Structure-function studies on 5′ nucleases

The 5′ nucleases are members of the Flap endonucleases (FENs) family of structure-specific DNA-processing metalloenzymes. They fulfil essential functions DNA replication and repair. Genome integrity relies on their inherent 5′ to 3′ exonuclease and 5′ flap endonuclease activities. A variety of bifurcated nucleic acids can be processed in vitro, hence these enzymes have become important component of many molecular biology techniques.

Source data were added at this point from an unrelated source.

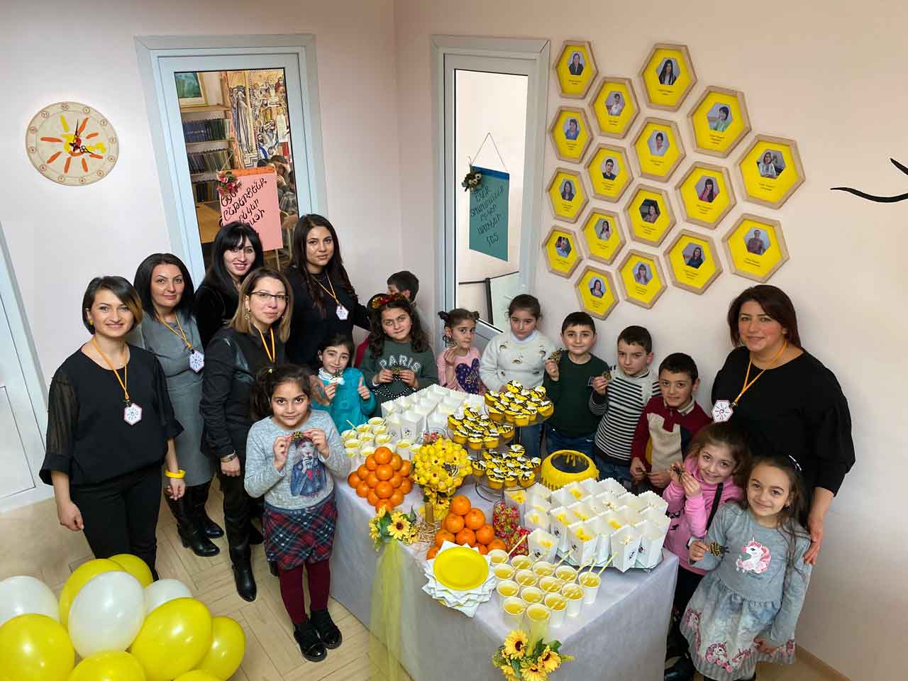 In the new Center, the bee serves as a symbol of diligence, production and punctuality. The staff welcomed the children to the new Center with images of the bee family. The children were happy to learn that they were also members of that bee family. The many types of flowers in their imaginary fairy tale garden had conventional names such as a flower of kindness, responsibility and care. They chose the flower nectar from which they would receive and bring their drop of honey into the Center, filling it with a symbolic honeycomb. Each made his/her own contribution by saying, “A drop of righteousness, kindness, faithfulness …” and they posted their bees on the wall as a promise to obey the Center’s rules, each repeating, “I am the Shogh.”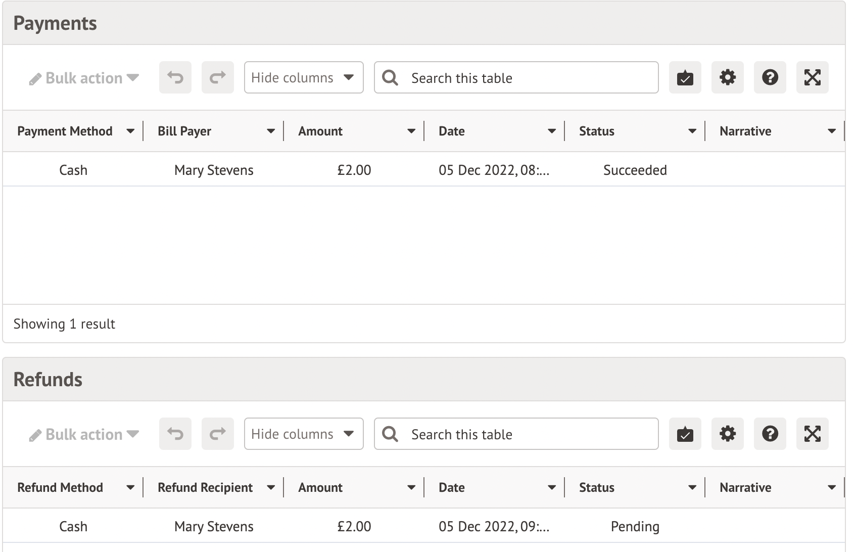 Payments made via Cash, Cheque or Bank Transfer can only be refunded via Cash or Check, and payments made via Card can only be refunded by Card.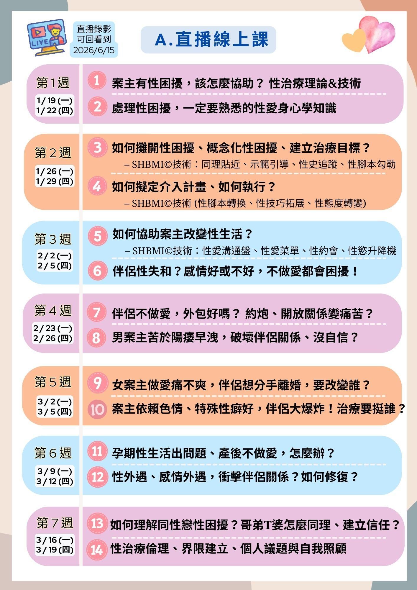 - 線上直播課登入網址,將於2026/1/16(五)統一寄發。

Catalytic parameters for the T7 gene product 6 exonuclease (T7 gp6), a FEN family member, were determined for various substrates using a fluorescent real-time assay. Binding affinity was determined by electrophoretic mobility shift assay. In attempts to modulate relative and absolute levels of endonuclease and exonuclease activity, the impact of buffer composition and site-directed mutagenesis of residues in and around the active site was explored. The effect on catalytic activity and DNA binding affinity of mutations in the T7 gp6 active-site was studied. Three mutations retained DNA binding affinity comparable to the wild-type enzyme. Two of which were catalytically inert (Asp160Lys, Asp162Lys) whilst the third (Asp202Lys) exhibited severely reduced nuclease activity. Mutation in the potassium ion-binding helix-3-turn-helix motif (Ile200Arg) increases the specificity constant (kcat/KM) compared to wild-type for all substrates tested by at least 2-fold. Additionally, T7 gp6 Ile200Arg exhibited enhanced binding affinity for single-flap substrate but not a nicked (exonuclease) substrate, compared to wild type, suggesting the helix-3-turn helix motif contributes to differential modulation of endonuclease and exonuclease activity.

Attempts to determine the structure of T7 gp6 failed. However, a high-resolution structure (1.44 Å) of T5FEN active-site mutant Asp155Lys and two structures of Taq polymerase FEN domain with DNA were solved (1.82 –2.18 Å). The latter represent novel structural insights into how this important enzyme interacts with DNA.